Ouverture d'hôpitaux militaires, couvre-feux, fermeture des mosquées... Les pétromonarchies du Golfe musclent leur réponse anti-coronavirus

Christian Chesnot

Partout dans le Golfe persique, les pétromonarchies donnent un tour de vis à leurs dispositifs anti-coronavirus et s’isolent du monde progressivement. "Le Qatar est bien préparé pour affronter cette épreuve, explique ainsi mardi 24 mars un expatrié français à Doha, parce qu’il subit le choc de l’embargo de ses voisins depuis le 5 juin 2017. Le pays avait un coup d’avance. Il n’y a pas eu de panique chez les gens."

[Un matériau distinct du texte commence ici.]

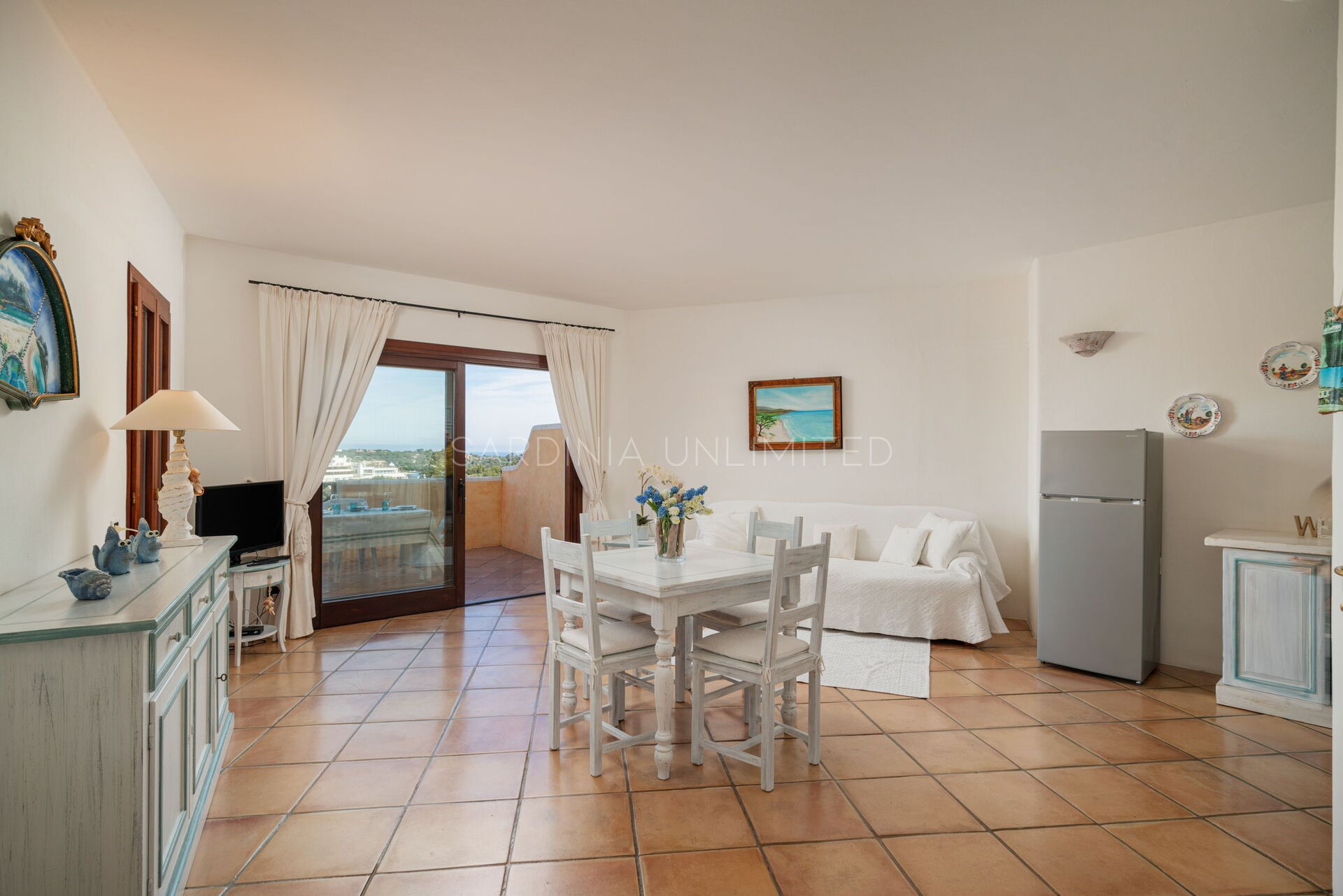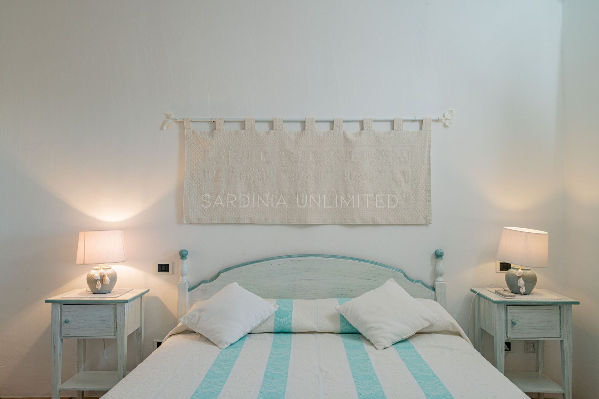 Villetta L’Amore del Marinaio è una comoda villetta in affitto in Sardegna pensata per ospitare fino a 3 persone e arredata interamente nello stile tipico sardo. Ad accogliere l’ospite uno spazioso e luminosissimo open space composto da una cucina completamente accessoriata e una zona living con divano e tv. Da qui, una grande porta finestra permette di accedere alla terrazza. Sulla sinistra invece, si trova un’ampia e comoda camera padronale anch’essa arricchita con preziosi orpelli sardi che vanno dai minuziosi ricami del letto alle fini intarsiature dei mobili in legno pregiato. Anche questa stanza si affaccia sulla terrazza, garantendole una vista panoramica.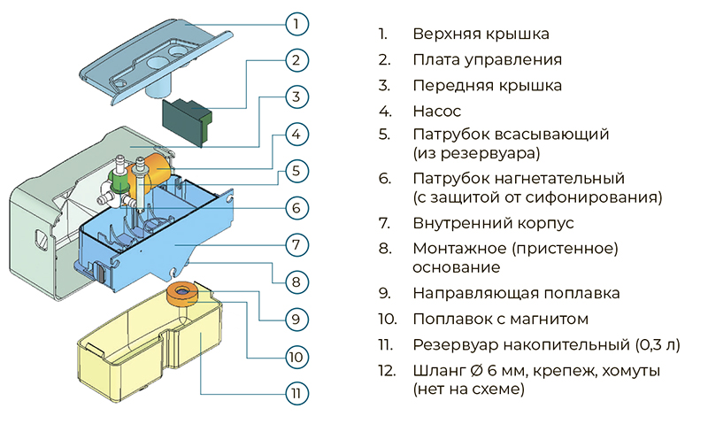 Применяется для отвода конденсата с внутренних блоков кондиционеров малой и средней производительности. Применяется в случаях, когда невозможно обеспечить гарантированный естественный сток конденсата под наклоном или в случаях, когда место вывода конденсата расположено выше уровня внутреннего блока. Насос имеет довольно низкий уровень шума — 17 дБ (А), идеально подходит для использования в жилых помещениях.

>> Suivez les dernières infos sur le coronavirus dans notre direct

Dans les rues de Doha, les transports publics - métro et bus - ne fonctionnent plus. Les rares piétons qui déambulent encore sur la corniche sont fermement priés par la police de rentrer chez eux. Tout est fermé : restaurants, cinémas, écoles, universités, clubs sportifs, piscines, etc. Seuls les supermarchés, les commerces alimentaires et les pharmacies restent ouverts. Rien ne manque dans les rayons, bien approvisionnés. C’est encore une leçon tirée de l’embargo de 2017.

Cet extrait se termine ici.